Supplied data »
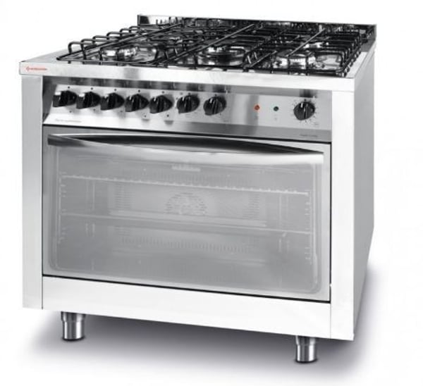 Професійна газова плита Революшин, як нижній модуль, оснащена електричним конвекційним шафою для смаження і грилем .
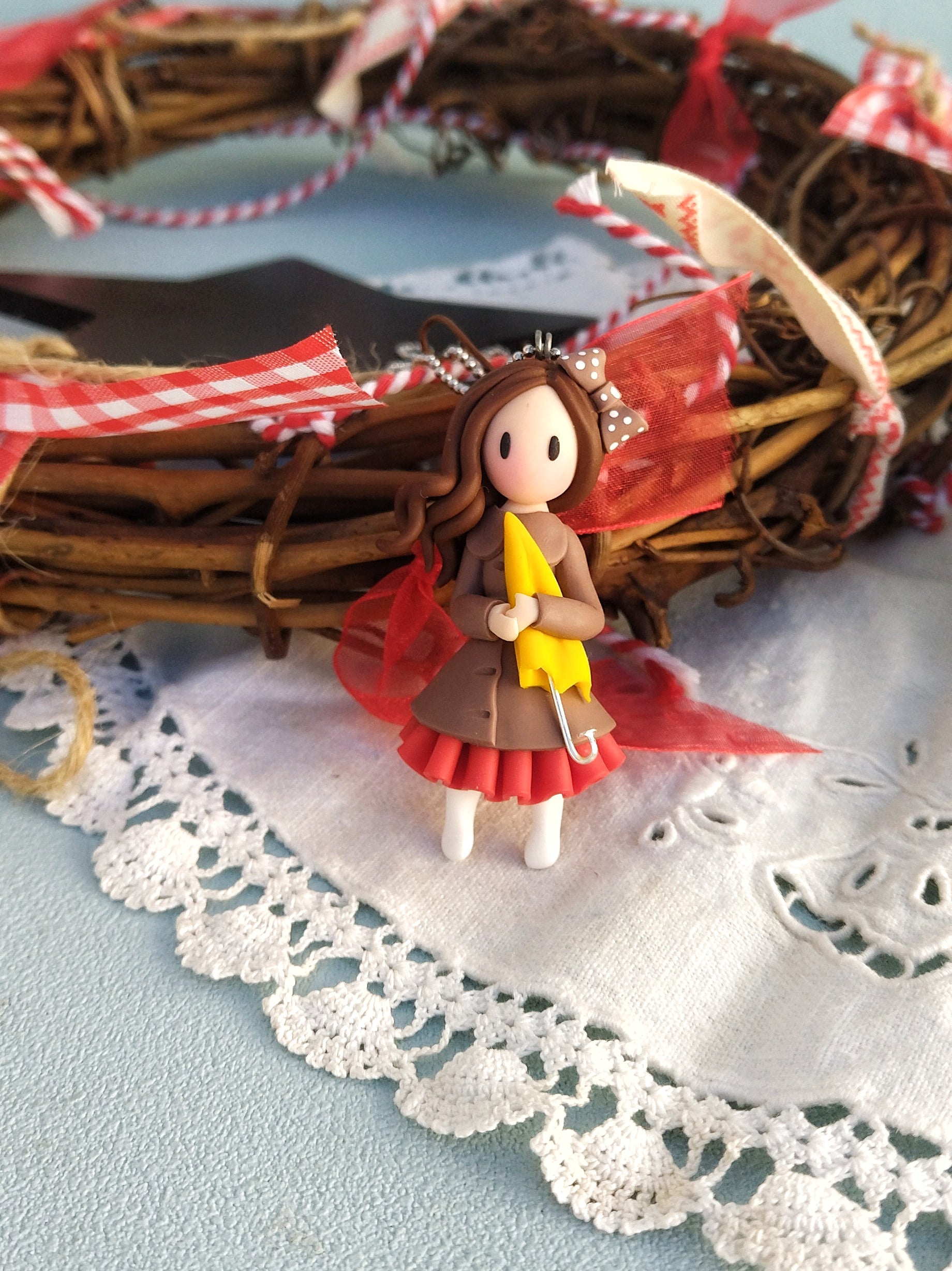 Κολιέ Κοριτσάκι με Ομπρέλα από Πολυμερικό Πηλό
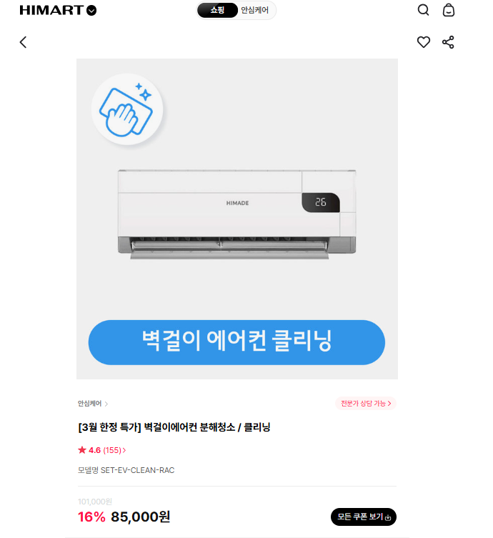 하이마트에서도 벽걸이 에어컨 클리닝을 진행하니 참고바랍니다.

What needs to be done »
Every line of the data above is to be set down word for word, with the pictures left out.

Answer space »
 Професійна газова плита Революшин, як нижній модуль, оснащена електричним конвекційним шафою для смаження і грилем .
 Κολιέ Κοριτσάκι με Ομπρέλα από Πολυμερικό Πηλό
 하이마트에서도 벽걸이 에어컨 클리닝을 진행하니 참고바랍니다.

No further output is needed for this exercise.